It’s “artists vs. artists” in the latest protests to Bjarne Melgaard’s controversial project A house to die in, in Oslo. Local photographer-artist Per Maning is using his own art exhibit this winter to oppose Melgaard’s project, and plead with Oslo city officials to halt it once and for all.
Melgaard’s house is planned for the grounds outside the late artist Edvard Munch’s atelier in Oslo’s Ekely district. It’s an area populated by artists, and under perservation orders by national authorities.
City officials have long been condemned for allowing Munch’s actual home to be torn down after his death in 1944. Now Maning and others are demanding that the city halt further “damage” to the area by stopping the construction of the unusual house where Melgaard says he intends to live, work and even die. Melgaard was born in Australia to Norwegian parents, grew up in Oslo and now lives mostly in New York.
“How is it possible that we have a city preservationist (Byantikvaren) who supports (real estate developer) Selvaag, Melgaard and (architecture firm) Snøhetta in this case?” asks Maning. He told newspaper Aftenposten that he has high expectations that Oslo’s new left-green city government will block Melgaard’s project. He wants the grounds around Munch’s atelier, where he has lived since 2004, “to remain in peace, to Edvard Munch’s memory.”

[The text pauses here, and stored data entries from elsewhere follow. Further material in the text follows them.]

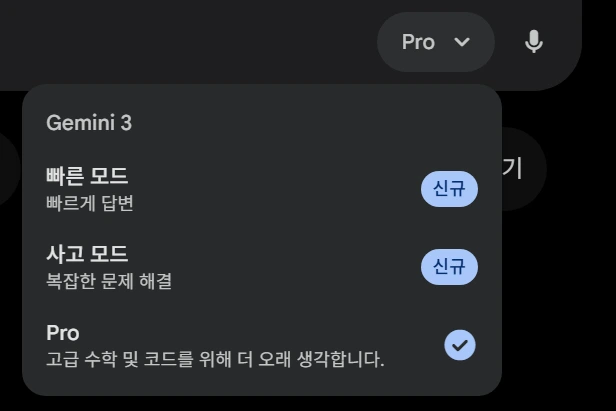 Gemini 3 빠른 모드, 사고 모드, Pro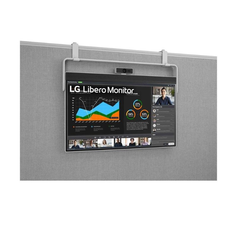 Màn hình LG Libero 27BQ70QC-S sở hữu kích thước màn hình 27 inch tiêu chuẩn, thiết kế treo hoặc chân đỡ giúp tối ưu hóa không gian làm việc của bạn một cách hiệu quả. Đặc biệt, webcam độ phân giải Full HD sẽ khiến cuộc họp của bạn trông chân thật và diễn ra mượt mà nhất có thể.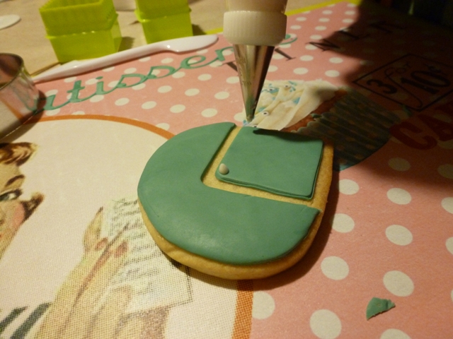 Para esta prueba hice dos modelos de galletas: unas con forma de estrella a las que hice un agujero en el centro con una boquilla y otras redondas a las que corté el centro con un cortador de silueta de ángel. Y para terminar, con un palillo, les hice una agujero para poder pasar una cinta de raso.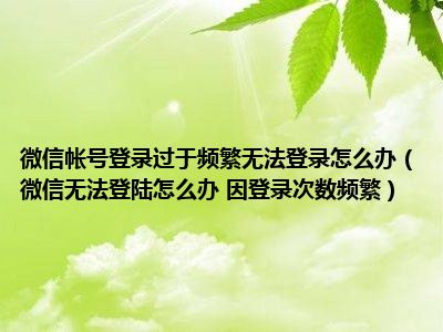 今天小编来给大家分享一些关于微信无法登陆怎么办 因登录次数频繁方面的知识吧,希望大家会喜欢哦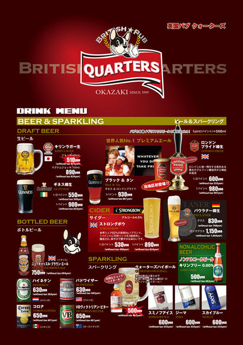 ブリティッシュパブ クォーターズ (名古屋/中部) 網址: https://s.openrice.com/UbbSLG3iqSB00 地址: 名古屋/中部岡崎愛知縣岡崎市明大寺本町4-29 電話: +81 0564-64-3680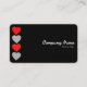 A business card template with a column of hearts in alternating colours and subtle tissue paper like semi-transparent texture. Company name, business type on the front with name, address and other details on the back. Suitable for many types of business.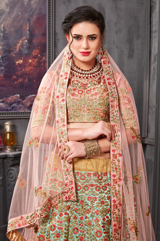 Sea Green & Navy Blue, Peach Designer Lehenga Choli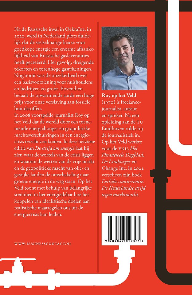 In 2008 voorspelde journalist Roy op het Veld dat de wereld door toenemende energiehonger en geopolitieke machtsverschuivingen in een energiecrisis terecht zou komen. In deze herziene editie van De strijd om energie laat hij zien waar de wortels van de crisis liggen en waarom de wetten van de vrije markt en de geopolitieke macht van olie- en gasrijke landen de omschakeling naar groene energie inde weg staan.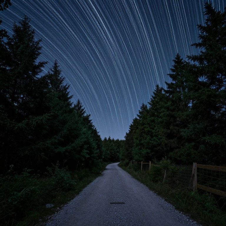 Under the celestial dance of star trails, a quiet gravel path winds through a serene forest, inviting introspection and a profound connection to the timeless rhythm of the universe.

Maning’s new exhibit at Galleri Brandstrup in Oslo features 55 images from Ekely, and people opposed to Melgaard’s project, including author and architect Torgeir Rebolledo Pedersen and investor Johan H Andresen, taken among the trees that Maning prizes highly. He’s worried the old trees Munch once painted will be lost forever, as will the view from which Munch painted his version of Starry Night. Pedersen said opponents are appealing to the national preservation agency Riksantikvaren to engage itself in the conflict and enforce its preservation order for the property.
Andresen, wealthy heir to a tobacco fortune who’s made his own fortunes in a wide range of projects, told Aftenposten he sympathizes with those trying to preserve Munch’s old property. “Building a House to die in sparks emotion and is quite special,” Andresen said. “There are many ways to die, and then it’s better to do like David Bowie did.”
Melgaard’s partly underground house with atelier and tower remains subject to rezoning authorization from city officials, and political support. Proponents, including Snøhetta’s chief Kjetil Trædal Thorsen claims the trees on the Munch property will be preserved and that “we will be careful with the environment.”